Re: Dreaming About Redesigning SQL

From: Paul G. Brown <paul_geoffrey_brown_at_yahoo.com>
Date: 12 Oct 2003 15:18:59 -0700
Message-ID: <57da7b56.0310121418.43aeaf21_at_posting.google.com>


news:<5%Ghb.70458$rt6.3541092_at_phobos.telenet-ops.be>...
> Paul G. Brown wrote:
> > Jan Hidders <jan.hidders_at_pandora.be.REMOVE.THIS> wrote in message news:<3f851baa.0_at_news.ruca.ua.ac.be>...
> >>
> >>Er, well, file names are actually not abstract because they have a
> >>concrete representation that you can read.
> >
> > We could go round and round on this. I'd observe that there is a whole
> > class of things which can potentially go into tuple attributes that aren't
> > 'values':

 [ snip - but they're all values ]

  Yes, but my point is that they're not the same kind of 'value' as, say, the   value '1' of domain INTEGERS, or 'Fred Flintstone' of VARCHAR(32). Recall   the original argument I'm making; it's hard to say "no" to a logical   REF/DEREF on the grounds that it violates data abstraction while at the   same time maintaining that filenames, SQL queries and other misc. scripts   are OK. There are other reasons to reject REF/DEREF related to redundancy   in the language, but that redundancy is not so clear in the other examples   I've given.

   The point is that as 'values of some domain', all of these are ambiguous.   Let's call what appears in the tuple attribute a 'token'. There are two ways   to 'interpret' a filename token: either as it literally appears, or else   through some kind of intermediary operation.

   TABLE Files ( Name File PRIMARY KEY );

   SELECT COUNT(*) FROM Files WHERE Name = "/tmp/Foo";

   Does this mean the count of times that the file-name "/tmp/Foo" appears    in the table Files, or is it the number of times a file is found    with *the same contents* as what is in the file "/tmp/Foo"? (Note that    this second interpretation implies that the result of this query can    be at most 1.)

    I'm not saying either interpretation is correct, and I know what SQL    says it ought to be. I'm just saying that this is open to more than one    interpretation.

> That you can do an extra step to derive some more information doesn't
> mean that they didn't already have some information to begin with.

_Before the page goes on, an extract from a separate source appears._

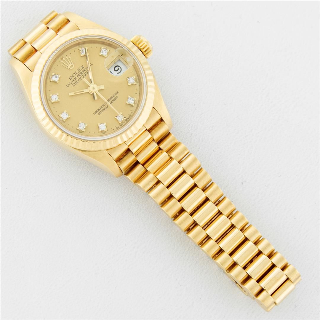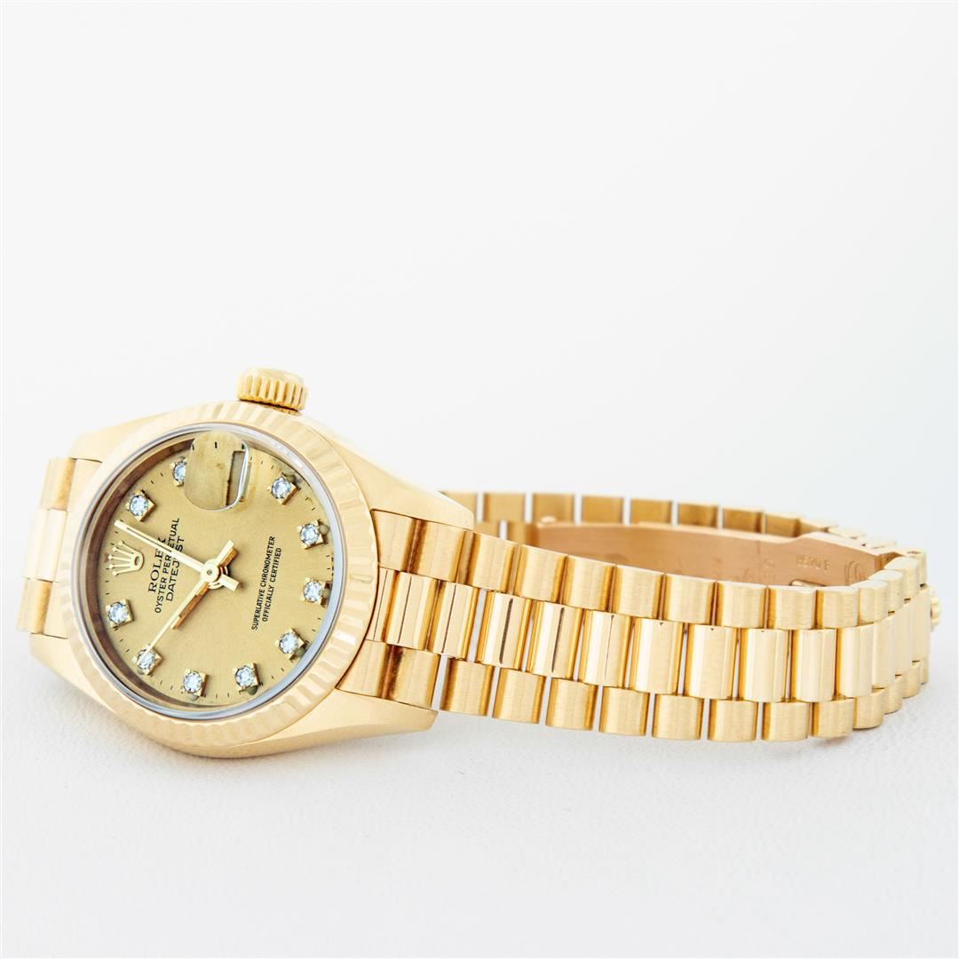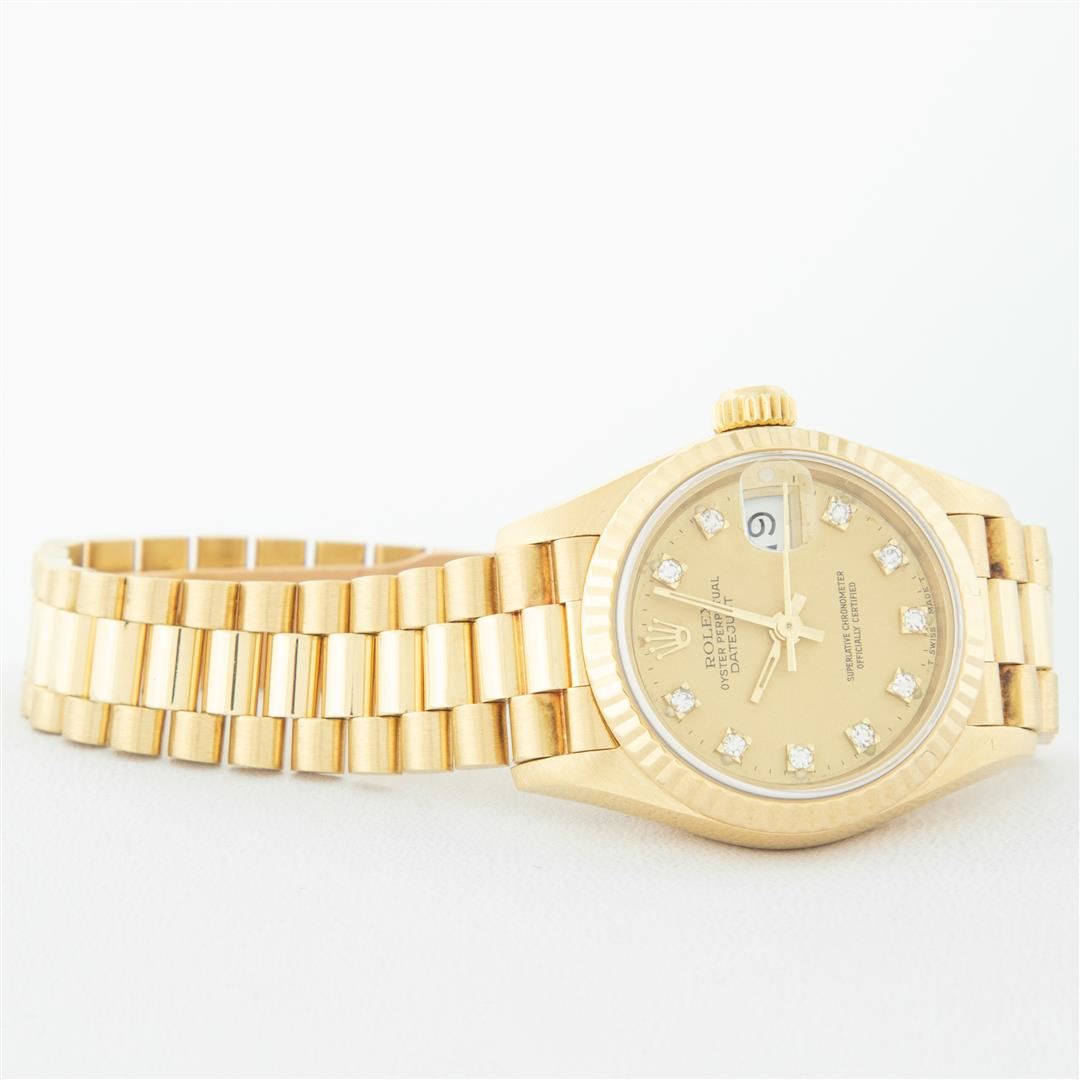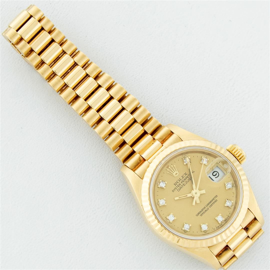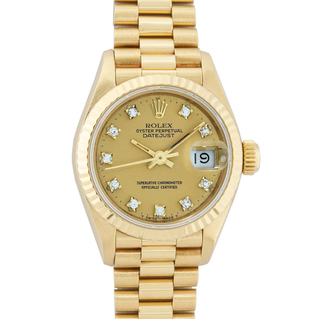 One Ladies Pre Owned Rolex 18K Yellow Gold President Polished, Serviced & Electronically Tested, Rolex 18K Yellow Gold Case: 26mm, Rolex 18K Yellow Gold Crown, Rolex Bezel: 18K Rolex Yellow Gold Fluted Bezel, Crystal: Sapphire With Cyclops Lens. Hands: Luminescent Hands. Rolex Movement: Automatic Winding Quickset Movement. Rolex Dial: Factory Rolex Champagne Diamond Dial, Diamond Count: 10 Diamonds In Dial, Clarity: VVS. Date Window: 3 O'Clock Position, Model: Datejust. Condition: G-6 Extra Fine The Watch Is In Very Good Condition Free Of All Scratches And Dents. Rolex Bracelet: 18K Yellow Gold President Band, Bright & Satin Polish. 6.0 Inch Length, Standard President Clasp (Hidden Clasp), With Rolex Logo. This Watch Has Been Serviced Time Tested And Is In Excellent Condition It Is Free Of All Scratches And Dents.

    We seem to agree that the 'token' is ambiguous (holding aside the point    that SQL-92 allows you only one interpretation.)

> The
> crucial question is if in this extra step you need some extra
> information that is not to be found anywhere in the tables. For the
> evaluation of the query you don't. For dereferencing the reference
> without the help of a table that associates them with their destination,
> you do.

    Your point pivots on the question of what counts as being "inside"    the database. Nowhere, in the tables, does anything say when    two strings are "equal". That information is outside the database too,    in the sense that it resides in code implementing domain operators. But    it would be kind of silly to say that values of VARCHAR(32) violate the    information principle because needed information about these values is    "outside" the schema.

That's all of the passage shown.